Юрий Бондарев - Непротивление
В его голосе звучала мука до предела уставшего в страданиях человека.
— Прости меня за то, что я вспоминаю… Ведь была права мама, когда вы ссорились и она говорила в обиде, что ты не народный артист, а народный эгоист республики. Жуткие, конечно, слова! Но по настоящему тебя знает ведь только мама.
— Знать, познать! Что значит сие — знание о знании, что ли? Пустопорожняя болтовня! Прискорбно, но я сам себя не знаю, как не знает себя никто!
— Тогда запомни, пожалуйста. Если ты его выпроводишь, то я уйду вместе с ним. Я буду жить у Максима. Я не смогу здесь…
— Нели, родная моя дочь, за что? Вот она, казнь египетская! За нашу с матерью доброту, любовь к тебе ты хочешь предать меня и маму? За то, что мы создали тебе нормальные условия в эти страшные военные годы? Ты не голодала, была одета, жила в этой квартире. Ты в театральном училище…
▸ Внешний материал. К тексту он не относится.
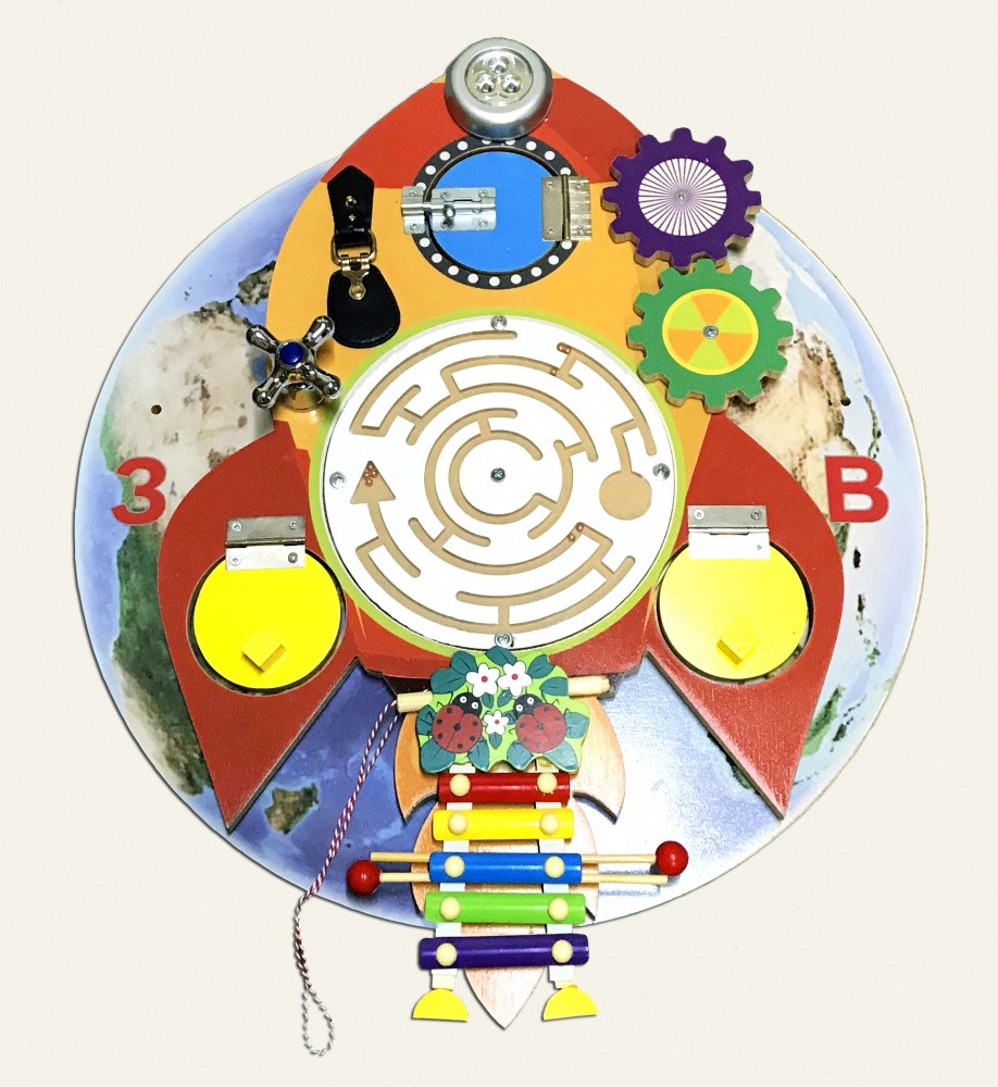 Бизиборд Ракета включает в себя: тактильный лабиринт, металлофон, шестеренки, дверцы открывающиеся с тематическими рисунками, молнии, застежки, замочки, фонарик. Ребенок обогащают свой познавательный опыт и кругозор, приобретая представления об устройстве ракет.

— Я не сумею быть актрисой. У меня нет таланта. Я не могу его занять у тебя или у мамы.
— Что за дикость!
— Да, папа, нормальные условия. Я слышала, как ты однажды сказал маме, что только материальными благами в наше ужасное время можно сохранить привязанность детей. Это так?
— Боже, спаси и сохрани от лукавого! Нели, ты в самом деле не любишь ни меня, ни мать! И бессердечно предаешь нас!
— Папа, предаешь меня ты. Я не хочу быть бесчестной к человеку, которому нужно помочь.
— Неужто ты любишь его? Неужто ты… Неужто этот незнакомый мне парень имеет с тобой что-то общее?
— Сейчас это не имеет значения.
— Та-ак, дочь моя, та-ак…
И тишина разорвалась, посыпалась, заплясала в столбах солнца серебристо-металлическими пылинками.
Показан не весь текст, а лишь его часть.